*** Opening SOURCE DATA ***
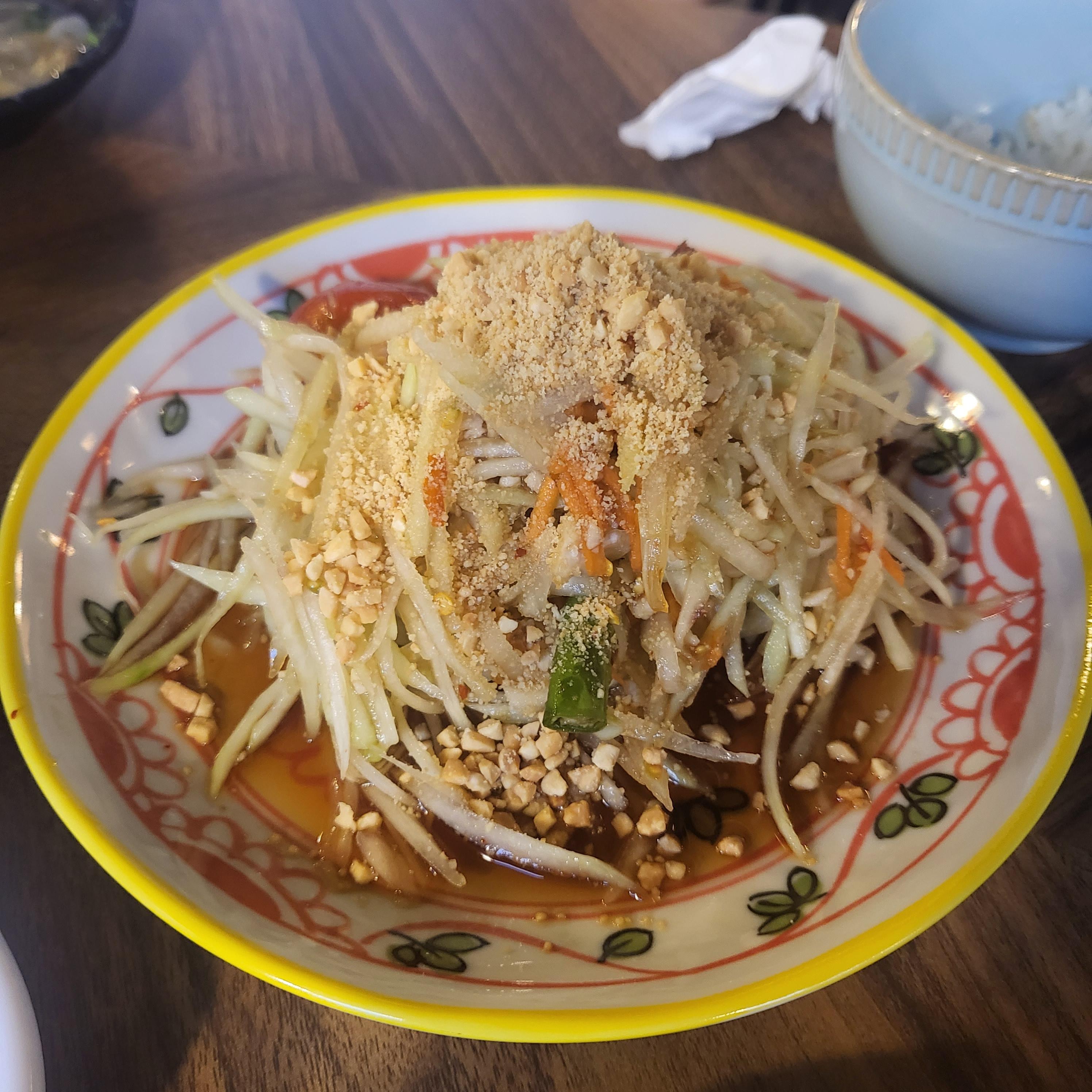 새콤달콤한 소스에 버무려진 파파야 샐러드는 튀기고 볶은 다른 태국음식과 함께 먹기 아주 좋았습니다.
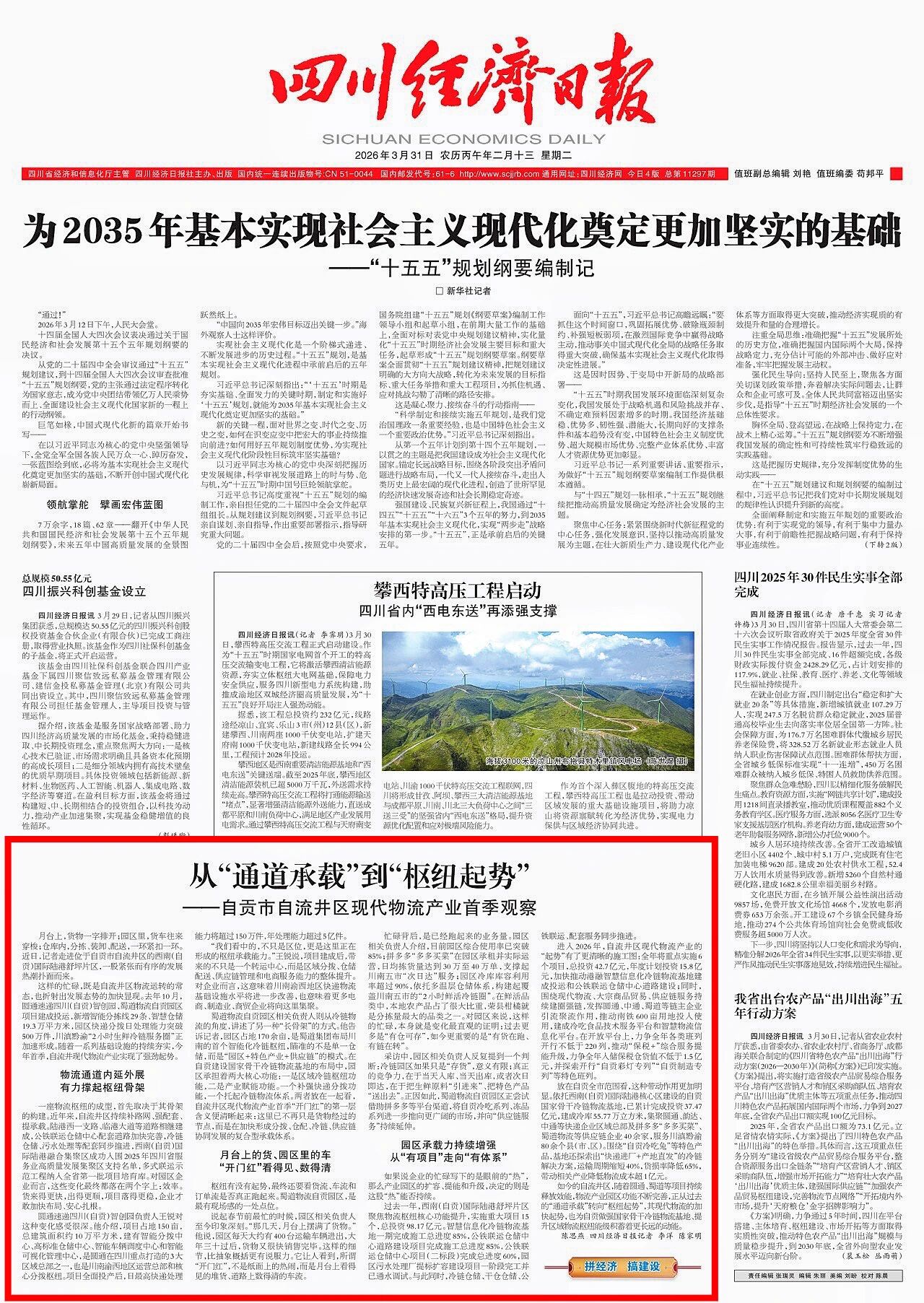 四川经济日报关注!黄金城集团物流自贡园区硬核运营赋能自贡物流产业枢纽起势
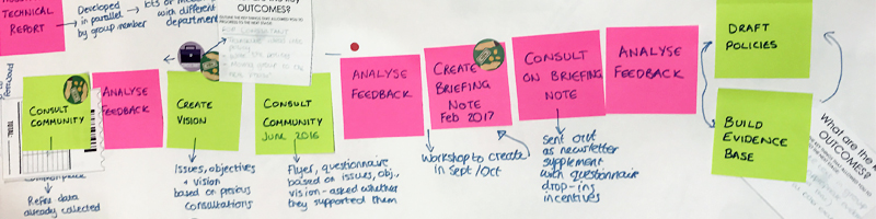 Part of my PhD research focused on understanding the experiences of citizens doing neighbourhood planning. Through interactive workshops with citizens and planners, we mapped the process to understand the opportunities and challenges. I also delivered workshops to co-design engagement activities.
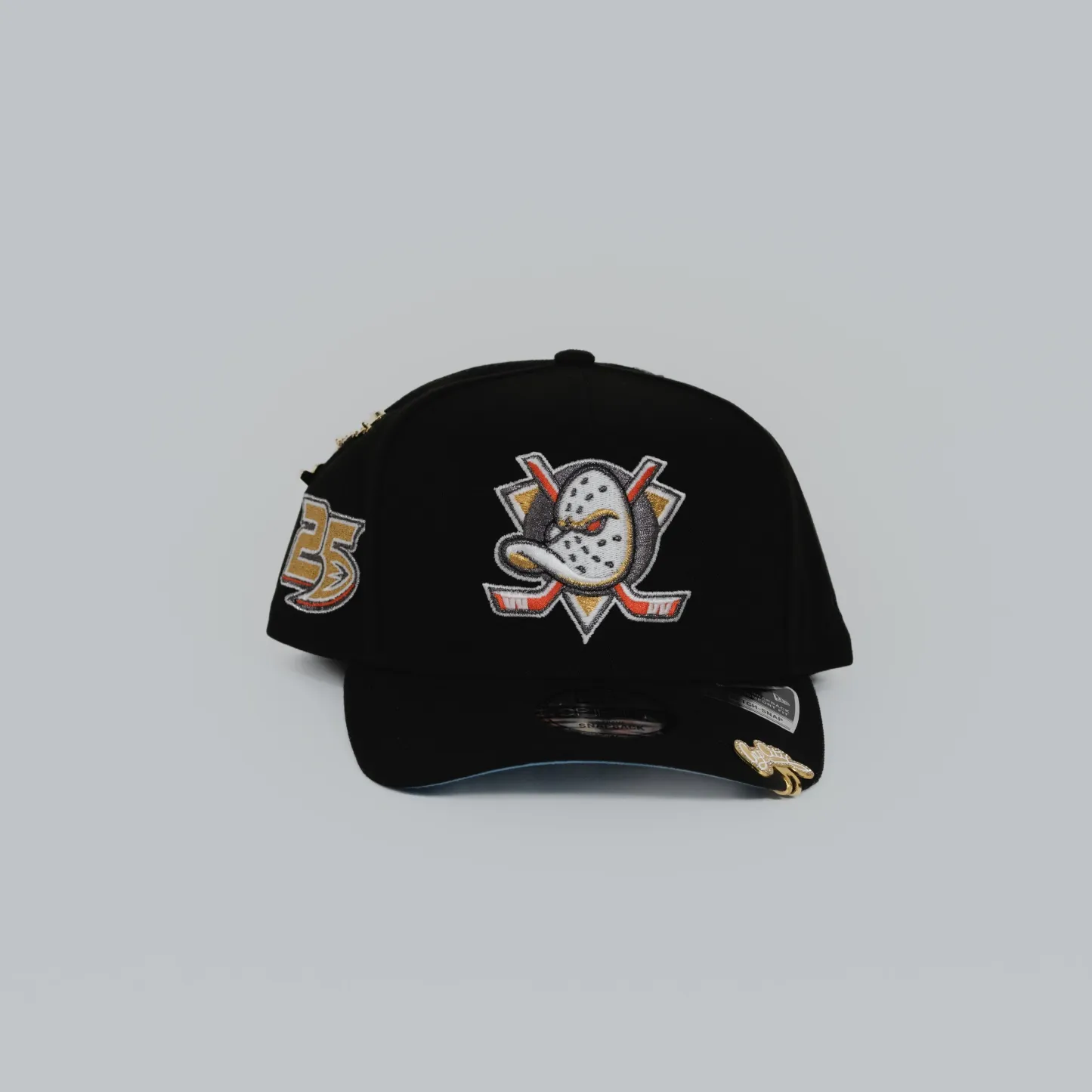 NEW ERA EXCLUSIVE 9FIFTY A-FRAME BLACK ANAHEIM DUCKS SNAPBACK W/ 25TH AMMIVERSARY SIDE PATCH
*** Closing SOURCE DATA ***
(AIM OF THE EXERCISE) Take every line of the material and copy it exactly, leaving out the pictures.

(FINISHED EXERCISE)
 새콤달콤한 소스에 버무려진 파파야 샐러드는 튀기고 볶은 다른 태국음식과 함께 먹기 아주 좋았습니다.
 四川经济日报关注!黄金城集团物流自贡园区硬核运营赋能自贡物流产业枢纽起势
 Part of my PhD research focused on understanding the experiences of citizens doing neighbourhood planning. Through interactive workshops with citizens and planners, we mapped the process to understand the opportunities and challenges. I also delivered workshops to co-design engagement activities.
 NEW ERA EXCLUSIVE 9FIFTY A-FRAME BLACK ANAHEIM DUCKS SNAPBACK W/ 25TH AMMIVERSARY SIDE PATCH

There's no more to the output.